I discovered that each and every website I build must be fully supported by
screen readers and it must be entirely accesible.

There's this blind fellow that sits right next to me, with the task of
checking out every single thing I do, in order to verify it works correctly
for him.

He's very smart and a gadget freak. He walks around with his iPhone everywhere
and loves to dabble in discussions with us about current technologies.
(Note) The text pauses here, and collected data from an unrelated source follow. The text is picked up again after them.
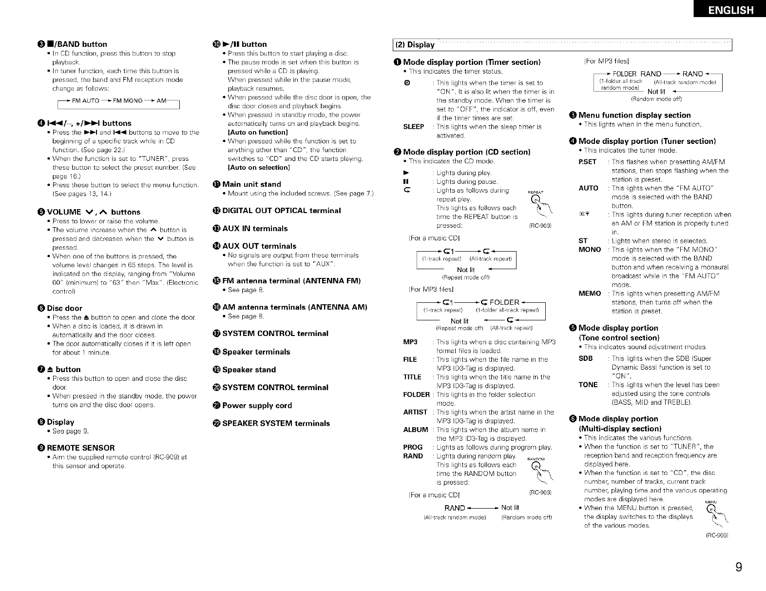 •Mando a distancia (RC-909}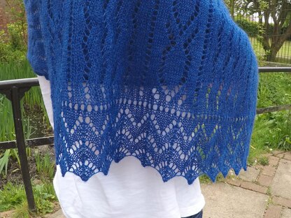 It is a rectangular shawl with fishtail border knitted first, followed by the body section which has columns of mackerel separated by wave lace.After the body section, the second border is grafted on using Kitchener stitch. Full instructions are included as well as a link to my Youtube videocovering the technique.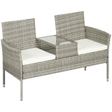 EasyComfort Divanetto per Esterni 2 Posti con Tavolino da Caffè, in Acciaio e Rattan PE, 137x59x82 cm, Grigio e Crema

I'd be glad to hook you up. I'm not familiar with his English skills, but I'm
willing to bet he'd do alright in a conversation. If not, I can surely act as
an intermediary if that's ok for you.

Let me know!!

------
zafka
I worked for a company that built products for the blind. I did a quick search
on the optacon, a product I did some work with, and came up with this site of
a user: [http://www.blindcanadians.ca/publications/cbm/6/support-
opta...](http://www.blindcanadians.ca/publications/cbm/6/support-optacons-
revival) The company I worked for became "freedon Scientific". THis company
makes a variety of enabling technology.

I work with a couple of pioneers in the industry, I would be glad to either
check out your idea, or pass it on to my friends.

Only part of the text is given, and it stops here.